Problem description. From the line that contains "To put on and" through the line that contains "440,小 Pro 293。", output every line of the listing below exactly and leave out all the rest.

Source material.
○ ○ ○ ○

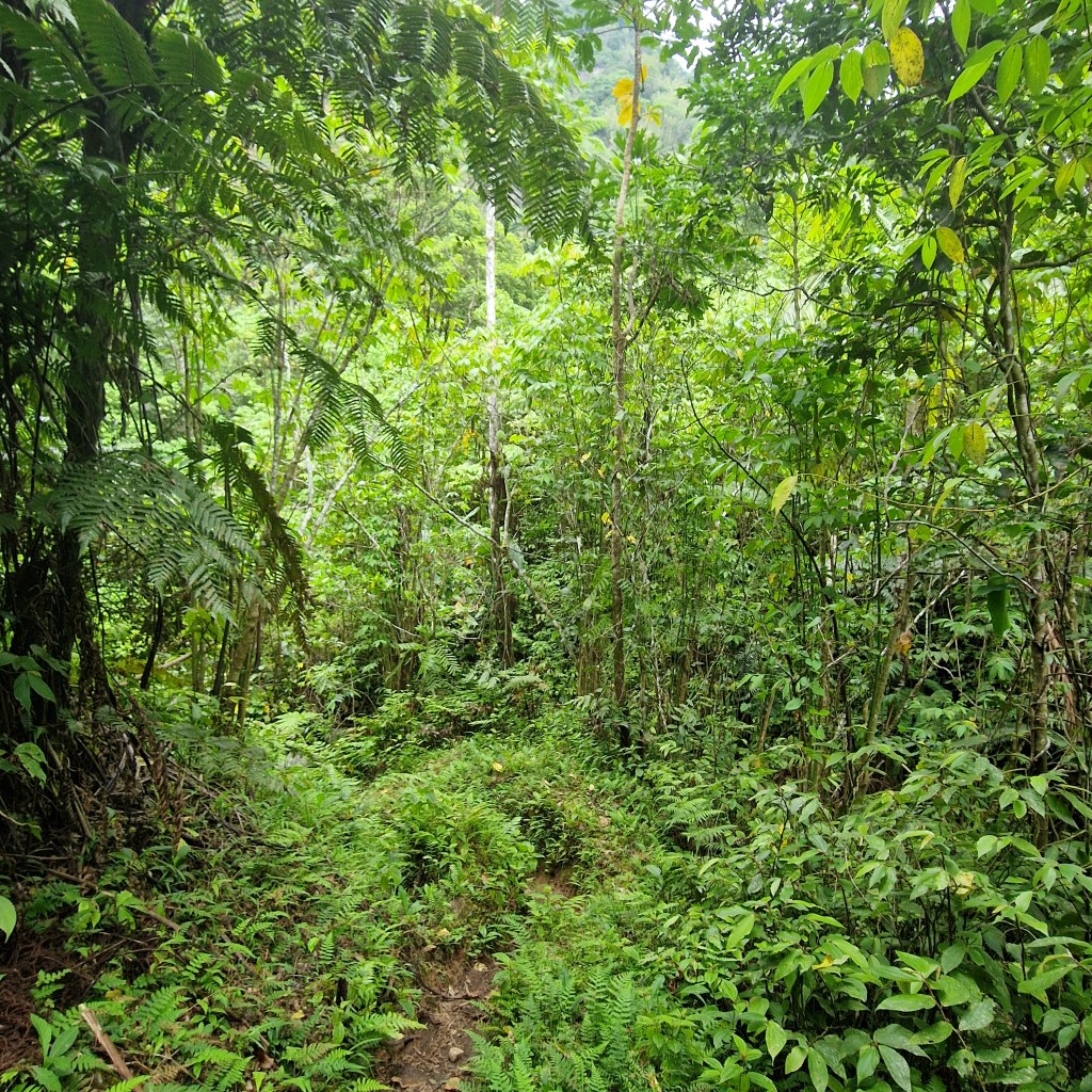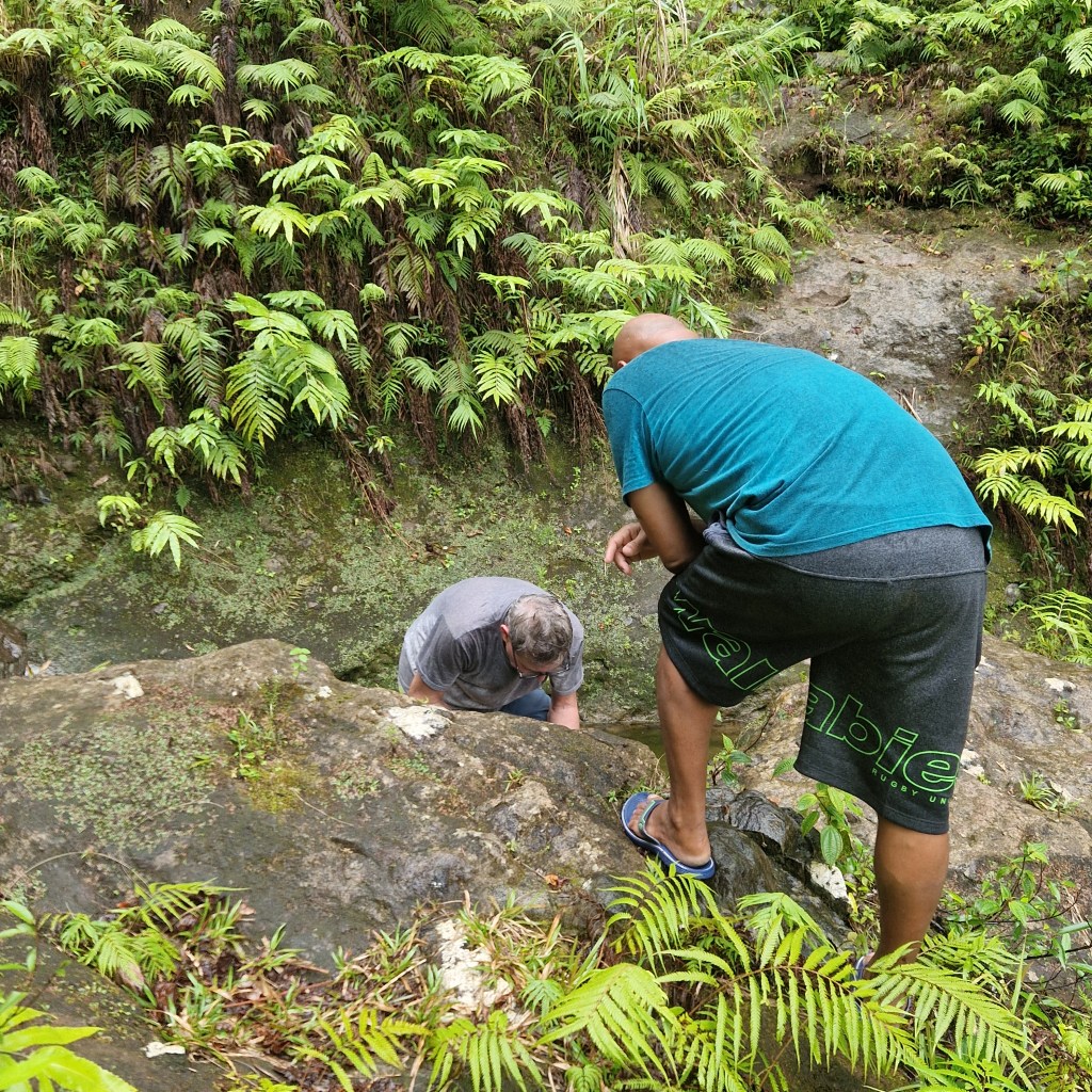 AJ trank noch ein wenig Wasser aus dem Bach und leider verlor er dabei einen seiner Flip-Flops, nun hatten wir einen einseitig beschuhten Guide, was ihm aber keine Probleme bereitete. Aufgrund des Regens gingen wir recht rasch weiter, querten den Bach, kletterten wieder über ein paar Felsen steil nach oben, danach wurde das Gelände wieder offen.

○ ○ ○ ○

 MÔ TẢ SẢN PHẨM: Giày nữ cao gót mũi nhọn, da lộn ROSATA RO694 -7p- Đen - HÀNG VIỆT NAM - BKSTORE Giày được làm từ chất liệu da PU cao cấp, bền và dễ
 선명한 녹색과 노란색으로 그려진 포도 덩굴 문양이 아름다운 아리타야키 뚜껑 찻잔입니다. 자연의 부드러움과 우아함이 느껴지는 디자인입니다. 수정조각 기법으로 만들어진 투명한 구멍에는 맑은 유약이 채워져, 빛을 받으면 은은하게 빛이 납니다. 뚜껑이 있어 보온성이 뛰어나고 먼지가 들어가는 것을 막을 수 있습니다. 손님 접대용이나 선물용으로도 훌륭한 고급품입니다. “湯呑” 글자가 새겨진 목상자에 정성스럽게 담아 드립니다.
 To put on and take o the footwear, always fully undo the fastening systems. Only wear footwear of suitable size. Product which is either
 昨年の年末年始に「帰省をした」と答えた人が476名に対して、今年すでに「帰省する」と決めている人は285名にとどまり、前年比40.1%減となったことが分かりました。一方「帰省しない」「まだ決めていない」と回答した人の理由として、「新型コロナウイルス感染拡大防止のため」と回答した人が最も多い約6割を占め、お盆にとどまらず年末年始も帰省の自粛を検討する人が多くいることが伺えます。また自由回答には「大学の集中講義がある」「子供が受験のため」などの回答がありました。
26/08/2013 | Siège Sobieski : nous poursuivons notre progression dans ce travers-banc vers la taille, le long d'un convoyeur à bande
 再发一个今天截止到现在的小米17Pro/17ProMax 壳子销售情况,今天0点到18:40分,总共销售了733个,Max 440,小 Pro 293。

○ ○ ○ ○

Solution to this exercise.
 To put on and take o the footwear, always fully undo the fastening systems. Only wear footwear of suitable size. Product which is either
 昨年の年末年始に「帰省をした」と答えた人が476名に対して、今年すでに「帰省する」と決めている人は285名にとどまり、前年比40.1%減となったことが分かりました。一方「帰省しない」「まだ決めていない」と回答した人の理由として、「新型コロナウイルス感染拡大防止のため」と回答した人が最も多い約6割を占め、お盆にとどまらず年末年始も帰省の自粛を検討する人が多くいることが伺えます。また自由回答には「大学の集中講義がある」「子供が受験のため」などの回答がありました。
26/08/2013 | Siège Sobieski : nous poursuivons notre progression dans ce travers-banc vers la taille, le long d'un convoyeur à bande
 再发一个今天截止到现在的小米17Pro/17ProMax 壳子销售情况,今天0点到18:40分,总共销售了733个,Max 440,小 Pro 293。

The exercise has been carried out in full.